The other major revolution that has changed the diagnosis and treatment of cancer has been immunotherapy, which is the use of the immune system itself to fight tumours. "We have been dealing with immunotherapy in oncology for more than five years. Today it is not yet a reality for all types of tumours, but in the near future it could be," explains Gil-Bazo. "Immunotherapy has shown that for selected groups of patients with specific oncological pathologies, it can even lead to a cure. And until now we have never seen this with other therapeutic approaches, not even with targeted treatments," he says. "There is enough data to be very hopeful, although not enough to think about a cure for cancer; nor, of course, to set a date," he insists.
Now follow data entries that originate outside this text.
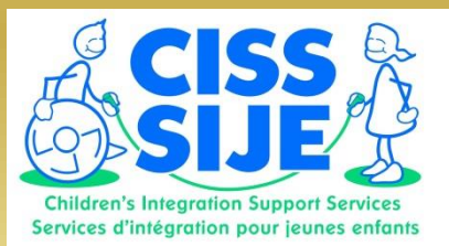
Supported School Readiness Program with the Ottawa Catholic School Board
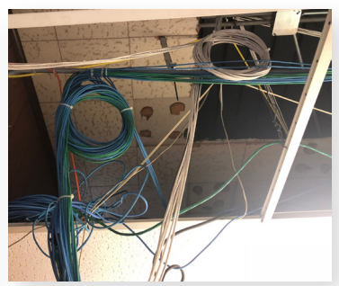
Power, cable, and phone cords hang from the ceiling in the Information Services Department.
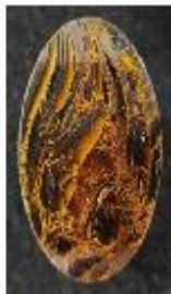
Tiger eye from the Brockman Formation.
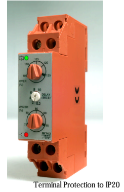
Terminal Protection to IP20

"My obsession as coordinator of this line is that everyone working in cancer at the University is represented in this strategic commitment, and that this wealth of research and resources is organised and oriented towards seeking synergies and collaborations".

Oncology research: transversal and embedded in the University's DNA

Oncology is one of the lines of research within the University's Strategy 2025. Dr Gil-Bazo is its coordinator. "If the University has set out to promote research with impact and focus, Oncology had to be one of the lines included in the strategy. Today, cancer is already the leading cause of death in the global population. Specifically, 25%, a quarter of the population of the first world, dies of cancer. So it is reasonable that the University considers it strategic to investigate such a relevant and worrying reality," concludes Ignacio. "Oncology research is so transversal and has been so firmly established in the DNA of the University of Navarra for so many years that it has an impact on almost any School and research centre, and on all campus. The great advantage of it being such a relevant line of research in the institution is that it is dispersed in many hands. Cancer research is carried out by nurses, doctors, researchers at Cima, biomedical engineers at campus in San Sebastian, pharmacologists, pharmacists, epidemiologists... My obsession as coordinator of this line is that everyone working on cancer at the University is represented in this strategic commitment, and that this wealth of research and resources is organised and oriented towards seeking synergies and collaborations", he confesses. "If we join forces and work together, we will surely go further," he concludes.